The topological completion of \(C_{b}(\overline {\Omega })\) under the Banach norm \({\mathbb F}[\|\cdot \|]\) is denoted by \(L_{\mathbb F} (\overline {\Omega })\). \({\mathbb F}[\cdot ]\) can be extended uniquely to a sub-linear expectation on \(L_{\mathbb F} (\overline {\Omega })\).

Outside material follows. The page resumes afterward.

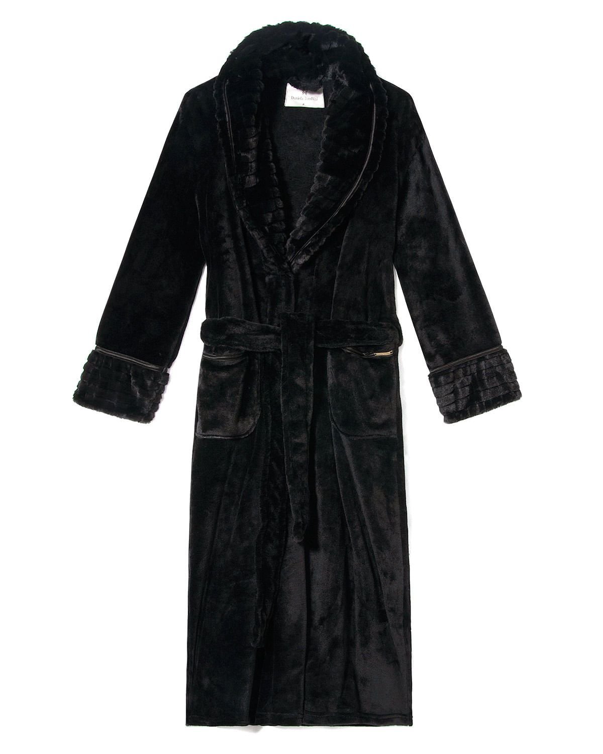 O robe é uma peça essencial no closet feminino, por isso trouxemos este modelo longo com bolsos, cordão interno e faixa para melhor ajuste no corpo. Confeccionado em Soft Fleece, tecido de toque macio com tecnologia que proporciona conforto térmico para os dias frios. Os detalhes ficam por conta do acabamento acetinado e da pelúcia texturizada nos punhos e na gola, já sua cor elegante traz ainda mais sofisticação para os momentos de descanso.

Next, it is sufficient to show that (ξ t ,η t ) defined on the sub-linear space \((\overline {\Omega }, L_{\mathbb F} (\overline {\Omega }), {\mathbb F})\) satisfies (i)-(v) and so \((\xi _{\cdot },\eta _{\cdot })\overset {d}=(B_{\cdot },b_{\cdot })\), which means that the limit distribution of any subsequence of \(\widetilde {\boldsymbol W}_{n}(\cdot)\) is uniquely determined.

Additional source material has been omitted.